Osain, que se sincretiza con San José y San Benito, es el dueño del monte y de las
hierbas. Sin padre ni madre, salió de la tierra como una planta. Por eso se le considera el
dueño de la naturaleza y de todas las plantas, a través de las cuales desarrolla sus poderes
mágicos. Tiene una sola mano, una sola pierna y un solo ojo.

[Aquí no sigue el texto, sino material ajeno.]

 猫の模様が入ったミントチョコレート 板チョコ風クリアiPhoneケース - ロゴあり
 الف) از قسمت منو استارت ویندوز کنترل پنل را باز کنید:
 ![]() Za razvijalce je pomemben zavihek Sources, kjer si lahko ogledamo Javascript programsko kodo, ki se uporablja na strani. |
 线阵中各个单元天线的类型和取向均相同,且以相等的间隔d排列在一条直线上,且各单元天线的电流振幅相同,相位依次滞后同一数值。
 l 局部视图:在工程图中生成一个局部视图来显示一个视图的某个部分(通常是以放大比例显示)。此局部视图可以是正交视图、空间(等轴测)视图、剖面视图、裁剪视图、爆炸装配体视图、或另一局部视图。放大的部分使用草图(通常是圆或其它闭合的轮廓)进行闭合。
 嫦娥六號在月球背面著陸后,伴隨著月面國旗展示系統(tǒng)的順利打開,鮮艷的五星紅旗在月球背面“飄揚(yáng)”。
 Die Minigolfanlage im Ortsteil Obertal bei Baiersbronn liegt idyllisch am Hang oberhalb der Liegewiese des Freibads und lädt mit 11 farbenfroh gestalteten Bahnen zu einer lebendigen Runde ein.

Ochosi (Oshosi), hijo de Yemayá y del yerbero y médico Inle, es un viejo guerrero,
mago y adivino que vive en el monte sentado a la puerta de su ilé, o casa. Magnífico
cazador, es patrón de aquellos que tienen problemas con la justicia y evita que sus
protegidos entren en las prisiones. También protege en las operaciones quirúrgicas.
Osun (Ozun) actúa de mensajero de Ofoli y de bastón de Obatalá. Su tarea es recoger y
entregar las ofrendas que se presentan a los orishas.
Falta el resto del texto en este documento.